Qwen 3 AI Update Surpasses DeepSeek V3

The pace of innovation in the AI large model space has become breathtaking. Just last week, Kimi K2 was updated. Then, yesterday, Alibaba dropped a surprise release: a major update to the Qwen 3 series. This new version positions Qwen 3’s performance metrics to directly challenge, and even surpass, Kimi K2 and DeepSeek V3.

What's New in the Qwen 3 Update?

The Qwen team has updated its flagship Qwen3 model, releasing an enhanced version of the Qwen3-235B-A22B-FP8 non-thinking model, now named Qwen3-235B-A22B-Instruct-2507-FP8. While the name is a mouthful, it’s packed with information.

This update focuses on several key areas:

Drastically Improved General Capabilities: Whether handling complex instructions, rigorous logical reasoning, deep text comprehension, mathematical calculations, scientific Q&A, or even code generation and tool use, Qwen 3 demonstrates superior comprehensive strength.
Broader Knowledge Coverage: The model now has enhanced coverage of niche knowledge across multiple languages, meaning it can understand and answer questions in more specialized and obscure domains.
More Powerful Long-Context Capabilities: For users who need to process massive amounts of information, Qwen 3’s enhanced understanding of up to 256K long contexts makes it more adept at handling lengthy documents and analyzing complex reports.
Better Alignment with User Preferences: Through extensive optimization and fine-tuning, the responses generated by Qwen 3 are higher in both validity and quality, more closely matching the practical needs of users.

The official evaluation used GPT-4o as a referee, a method that provides a valuable point of reference.

In my own hands-on testing, I used several specific tasks to assess its real-world capabilities:

Instruction Following: For complex prompts with multiple constraints, Qwen 3 showed a high completion rate, reducing the need for repeated prompt adjustments.
Coding Ability: When generating Python and Go code for data processing tasks, the code was highly usable with a lower error rate than the control models.
Long-Text Reasoning: After inputting a ~200K technical document, Qwen 3 was able to accurately locate and summarize information when questioned about specific details.

My conclusion is that Qwen 3’s overall performance is highly competitive. The rapid iteration of its tech stack is certainly worth our attention.

The Core Technical Highlight: FP8 Quantization

FP8 is the key to this update.

FP8 is a model compression technique. It reduces the precision of model parameters from the traditional FP16 or BF16 down to 8-bit floating-point (FP8) without significantly impacting performance. This dramatically lowers VRAM usage and computational requirements.

The benefits are clear:

Lowering the Barrier: It allows this powerful model, which once required top-tier hardware, to run on a wider range of devices.
Boosting Efficiency: Inference is faster, and response times are shorter.
Enabling Local Deployment: It provides immense convenience for individual developers and researchers to experiment with and deploy the model locally.

Qwen 3's Agent (Tool-Use) Capabilities

Beyond its powerful foundational abilities, Qwen 3 also excels as an Agent, capable of more accurately understanding user intent and calling external tools (like APIs or database queries) to complete complex tasks.

Qwen 3 is complemented by the Qwen-Agent framework, which supports tool use and can be used to build automated task workflows. This expands the model's applications far beyond that of a simple chatbot.

How to Quickly Deploy Qwen 3 Locally

Deploying large models has never been easy, traditionally involving tedious environment setup, dependency management, and hardware adaptation.

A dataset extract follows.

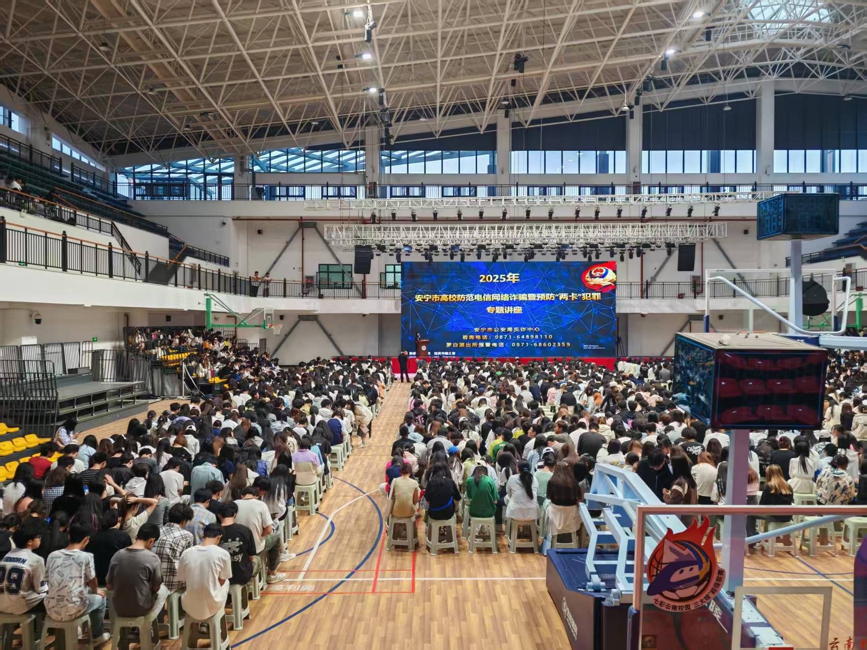 为增强学生防范电信网络诈骗意识,筑牢校园安全防线,4月26日晚,中华职业学院在安宁校区体育馆启动“反诈防骗 从我做起”防范电信网络诈骗专题教育月活动。安宁市反诈中心王玉珠警官、罗白派出所金兆荣警官应邀担任主讲,学院2600余名师生参加。讲座由学院党委书记李丽忠主持。

My recommendation is to use ServBay + Ollama to simplify the entire deployment process.

Install ServBay: Get the application from the official ServBay website (https://www.servbay.com). It’s a local development environment that integrates common tools and manages services and dependencies, making it easy to set up on both macOS and Windows.
Install Ollama: In the left navigation menu, click "Packages," find Ollama, and click install. ServBay will automatically handle its environment configuration. Once installed, don't forget to click the activation button to start Ollama.

Install Qwen 3: Click "AI" in the left navigation menu, find qwen3, and install it with a single click.

This process bypasses most manual configuration. You don't need to worry about complex dependencies or config files; ServBay and Ollama have paved the way for you.

Deployment Options for Advanced Users

Of course, for professional users seeking higher throughput and customized deployments, Qwen 3 also offers more advanced solutions, such as using vLLM and SGLang.

Deploying with vLLM:

  vllm serve Qwen/Qwen3-235B-A22B-Instruct-2507-FP8 --tensor-parallel-size 4 --max-model-len 262144

Deploying with SGLang:

  python -m sglang.launch_server --model-path Qwen/Qwen3-235B-A22B-Instruct-2507-FP8 --tp 4 --context-length 262144

Note: When deploying long-context models, you may encounter out-of-memory (OOM) issues. The official recommendation is to try reducing the context length (--max-model-len or --context-length) to decrease VRAM consumption if this occurs.

Conclusion

In conclusion, the latest Qwen 3 update has sent a new shockwave through the large model landscape. With significant improvements in general capabilities, long-context understanding, and Agent functionality, it poses a formidable challenge to existing popular models like DeepSeek and Kimi, making it one of the most compelling models to watch and try today.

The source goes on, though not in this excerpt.